Nowhere to go
AVON: Why do you stay with Blake?
VILA: I like him.
AVON: That isn't a good enough reason.
VILA: It is for me. That and the fact I've got nowhere else to go.
~oOo~
Well, nowhere better, that's for sure.
You know that feeling you get, the first time you find somewhere, somewhere you've never been before and it just feels - I guess - just feels like - like home?
No, I don't know either.
And I probably wouldn't want to, remembering what I called 'home' back there on Earth. Trust me, the lower Delta Dome levels are no place for children, even - especially - orphaned brats like me. You get used to sleeping on scavenged rugs that don't mask the cold of metal-lined basements, and you get used to haggling for refuse offcuts from the processed protein blocks, smuggled down from the food dispensers (or stolen from the Epsilon areas, which were even worse - or so we were told). You get used to stealing from others like you for others who made you, to moving on quickly and quietly before the troops move in, and to watching those who didn't move quickly enough get rounded up, and to putting them out of mind as soon as they vanished. You get used to sort of surviving.
I mean, sort of surviving's better than the alternative... innit?
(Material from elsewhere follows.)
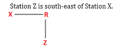 ‘R' is to the North of Station ‘Z’ and to the East of Station ‘X'.

Then there's prison. I've called that home semi-sweet home for more years than I'd like to think about... but it was better, if only just. You get a bunk - and sometimes you don't even have to share it. You get fed - and well, the protein blocks aren't quite as old - and fake-fishy - as the ones in the Delta levels, even if the 'sauce' they smother them in tastes of mashed blubber and the drugs you know are there. And if the guards are crooked - yeah right, if, that's a joke - you might even be able to cadge a bottle or two of cheap booze. You survive a bit more.
Then go back to the Delta domes. A bit better, now you're older and can shift for yourself - sort of - well, shift other people's things to yourself. You can pay for a tiny cell - I mean, a room - of your own for a while.
Then there's the London. It's cleaner, it's... not warm but less cold. It's dull and cramped and the suppressants are the best-tasting part of the food - so its almost good when they're increased yet again after Blake and the others disappear. It's got to be better than Cygnus Alpha, though, innit? Isn't it?
Cygnus Alpha's the first time in my life I'm outside at night. Cold and black and the stars look as far away as they are. This can't be 'home', it can't it can't...
~oOo~
It wasn't.
It was Blake who brought us - me and Gan - back to this ship. Blake who got rid of Loud and All-Too-Ungodly Vargas. Blake who asked us to be part of his crew (in front of Avon and Jenna too - I wondered about that sour glance between them when Blake kept using the word "my") and Blake who offered to show us the ship. On the flight deck, Jenna took over, sparkling like an Alpha fireshow as she did. For the computer - Zen - Avon explained, dry and spare and trying not to shine with pride. I had a headache after the first fifty - forty-five - all right, thirty minutes.
Blake stepped in, suggested we 'get settled' and left the two of them still talking, though at each other now. I wondered if they'd been doing that since they'd left the London. From Blake's face, I thought they had.
First things first, he said. Practical as always, I thought.
Did we want food? They'd been working on the dispensers since finding the ship, and he offered us something brightly coloured and fluffy and sweet and sour to taste - unlike anything I'd ever had before - and a hot drink almost uncannily unlike Federation coffee, and actually drinkable. To get clean? Well, he called it a vapour shower and I called it soap-scented fog, all soft and misty, in a cubicle bigger than that Delta room, or as big as Gamma flat-for-one (Gan - the Gamma one - just called it heaven. Who am I to argue, or even ask what a heaven is?) Clothes? He showed us this enormous room filled with clothes, real clothes, good clothes - all bright colours and patterns and sparkles and shine.
Did we want to rest? And then Blake showed us the cabins. My cabin. It was bigger than the cell I shared with eight others on Alpha Marinus, cleaner than the Judgement Halls on Earth, warmer than the Epsilon boiler rooms for a scrawny Delta brat to hide in... and all mine.
And I went in, and closed the door, and sat on the bed. Ran my hands over the silver cover, sharp and bright to the eyes and as soft as stolen shadowsilk to the touch. Lay back and wondered whether clouds felt as good. Checked out the cupboards, big and shelved and wonderfully empty and ready for me to fill with all the... Stopped that thought, and looked into the mirror, at my own awestruck eyes. The luckiest Delta rat in the galaxy - if I could just keep Blake from getting me killed before I could enjoy it.
I don't know if this is what people call 'like home'. Other people, graded people, Alphas and Betas. I only know I've got nowhere else to go - nowhere I want to go.